Is there a way around the unique index? I want my query to continue to run even after it hits the duplicate key value. The information that is a duplicate, I do not want to insert. However, there could be data after the duplicate that is not a duplicate. The unique indexed column is WebQuoteNo
. I have previously pulled quotes from SalesOrderData and now I want to pull any NEW quotes and insert into OrderHeader. I tried the EXCEPT statement but got the same error. "Cannot insert duplicate key"
INSERT INTO OrderHeader (WebQuoteNo, Date, OrderType, ListTotal, DiscountTotal, WebEmail)
SELECT
WebQuoteNo, Date, OrderType, ListTotal, discount AS DiscountTotal, WebEmail
FROM
SalesOrderData
Here are the two tables. The Quotes from 7/26/2022 need to be add to the OrderHeader table.
This is what my table currently look like
CodePudding user response:
There are three things that can cause a unique constraint/index violation:
- You are trying to insert a single row where the values defined for the columns in the constraint are the same in a row that already exists in the target.
- You are trying to insert multiple rows that violate the constraint even though a row doesn't already exist in the target.
- Both.
Let's say you have a table like:
CREATE TABLE dbo.OrderHeader
(
WebQuoteNo varchar(32) NOT NULL UNIQUE,
Date date,
OrderType char(1),
ListTotal decimal(12,2),
Discount decimal(12,2)
);
The way you typically avoid 1. is:
INSERT dbo.OrderHeader
(
WebQuoteNo, Date, OrderType, ListTotal, Discount
)
SELECT
WebQuoteNo, Date, OrderType, ListTotal, Discount
FROM dbo.SalesOrderData AS s
WHERE NOT EXISTS
(
SELECT 1
FROM dbo.OrderHeader AS h WITH (UPDLOCK, SERIALIZABLE)
WHERE h.WebQuoteNo = s.WebQuoteNo
);
- Example db<>fiddle
If you also need to guard against 2., you need to figure out which duplicate you want to keep. You can use something like this:
;WITH src AS
(
SELECT WebQuoteNo, /* other columns, */
rn = ROW_NUMBER() OVER (PARTITION BY WebQuoteNo
ORDER BY <some other deterministic criteria, maybe DATE?>
FROM dbo.SalesOrderData AS s
WHERE NOT EXISTS
(
SELECT 1
FROM dbo.OrderHeader AS h WITH (UPDLOCK, SERIALIZABLE)
WHERE h.WebQuoteNo = s.WebQuoteNo
)
-- and other criteria
)
INSERT dbo.OrderHeader(WebQuoteNo /* , other columns */)
SELECT WebQuoteNo /* , other columns */
FROM src
WHERE rn = 1;
Before you even think about using some suggestion that flings MERGE
over the wall as a solution to an INSERT
problem without also talking about concurrency and isolation, please read all of these posts and to understand the purpose of the locking hints applied here see this post about upserts.

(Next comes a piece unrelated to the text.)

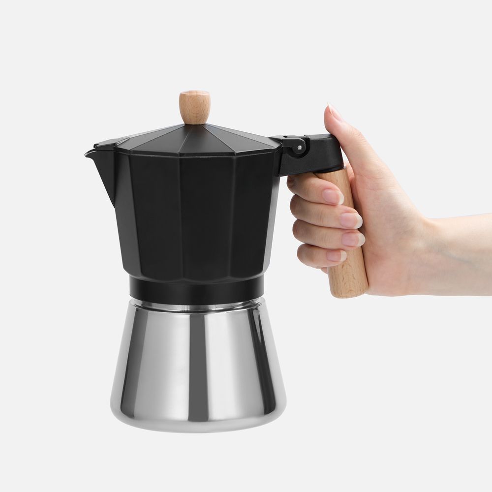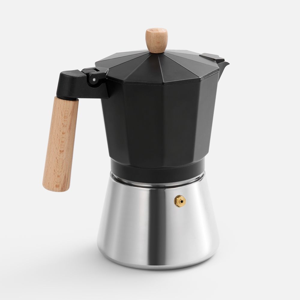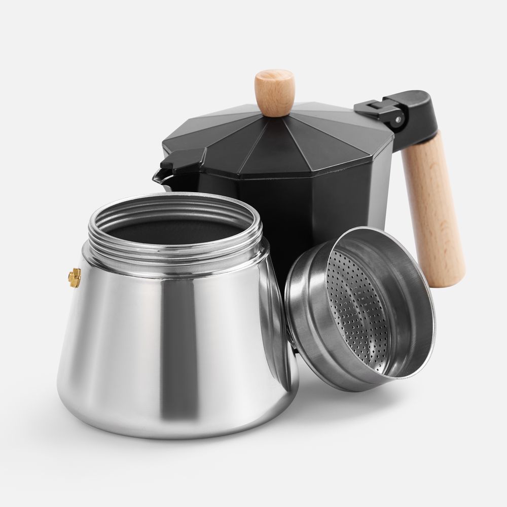 Верхняя часть выполнена из окрашенного алюминия, а нижняя — из нержавеющей стали с зеркальной полировкой, что обеспечивает долговечность и стильный внешний вид. Удобная деревянная ручка не нагревается —комфорт и безопасность при использовании гарантированы. Эта кофеварка позволит быстро и легко приготовить классический эспрессо, чтобы наслаждаться свежим крепким кофе снова и снова.

CodePudding user response:
Assumption 1: You have a process that PULL sales data, and that data cause violation of PK for sales header record
Assumption 2: Sales data most commonly put a record per item, since when you get a batch of records, those may contain duplicate of header
Assumption 3: Sales often do corrections and may send same record with new price (total) again. And again try to break constraint.
Assumption 4: Since you pulling batches this is nightly process and most likely during run users are not using system
Option 1: Will fix Assumption 2, use DISTINCT for inserted rows.
SELECT DISTINCT * FROM (SELECT
WebQuoteNo, Date, OrderType, ListTotal, discount AS DiscountTotal, WebEmail
FROM
SalesOrderData ) as a
Option 2: If you suffer from sales data update Assumption 3, you most likely can use MERGE, if Assumption 4 is correct.
The short how to is here.
MERGE has following caveats that you should fully accept before trying:
Most likely you will need to fully lock table during update process, so if it is impacting users and that is unacceptable "MERGE" is not your option.
If you cannot fully lock table you will need to follow suggestion from Aaron Bertrand here https://sqlblog.org/merge and be super cautios.
In General MERGE work well for nightly process, during non-business hours.